General information
- Type: Primary glider
- National origin: United Kingdom
- Manufacturer: Reynard Gliders, Leicester
- Number built: at least 5

History
- First flight: 1930

= Reynard R.4 Primary =

British single-seat glider, 1930

The Reynard R.4 Primary was an open seat primary glider with an open girder fuselage and a
high, wire braced wing. It was designed and built in the UK in 1930 and a few served Gliding Clubs in England and Ireland.

==Design and development==

Like other primary gliders, the Reynard R.4 Primary was a simple, wooden, robust design, not intended for high performance.

The wing was rectangular in plan, with ailerons at the tips but no flaps or airbrakes. N-form struts from the wing supported a girder about 8.5 ft (2.6 m) long and curved on the underside to form a landing skid. The pilot's seat and controls were placed, exposed, on its upper surface just ahead of the wing. Lift wires ran from this girder to the underside of the wing beyond mid-span and a pair of landing wires on each side were fixed to the apex of a two strut, triangular central cabane or kingpost above the wing.

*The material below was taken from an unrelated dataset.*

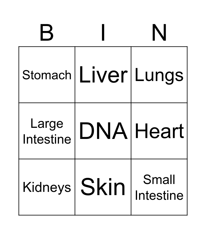 This bingo card has a free space and 8 words: Heart, Lungs, Liver, Kidneys, Stomach, Small Intestine, Large Intestine and Skin.

Behind the wing trailing edge and the end of the lower girder the rear fuselage was a tapering, vertically orientated, two bay Warren truss, ending at a vertical cross member which supported the rudder. The triangular tailplane and fin were mounted on the horizontal upper fuselage beam and the straight edged rudder extended down through a cut-out between the elevators to the lower beam.

Some Reynards were built with a hinged nacelle to give the pilot better protection from the weather, though still in an open cockpit. To compensate for the extra side area the rear two bays of the fuselage were fabric covered.

It has been suggested that at least two R.4s were built with steel tubed rather than wooden rear fuselages, under the name Reynolds R.4 after the contemporary bicycle tube frame manufacturer.

==Operational history==
The Reynard could be bought complete for £45 or built from plans costing 21/- (1 guinea or £1.05) and was regularly advertised in 1930-1. Several were built and active in the early 1930s with UK gliding clubs. One was demonstrated to the Leeds club in October 1930 and they received the first of two the following month. The Bradford, Halifax, Leicester and Ulster Gliding Clubs also had Reynards.
The two Reynards that received BGA certificates of airworthiness, BGA 166 and 167 had serial number R.4/5 and R.4/6 respectively BGA 166 was used by the Leeds and later Bradford Gliding Clubs. BGA 167 was used by the Ulster Gliding Club from 1931, they fitted a nacelle when they rebuilt it aircraft in 1933. This glider went to the Dublin Gliding Club in 1934 and was still active the following year.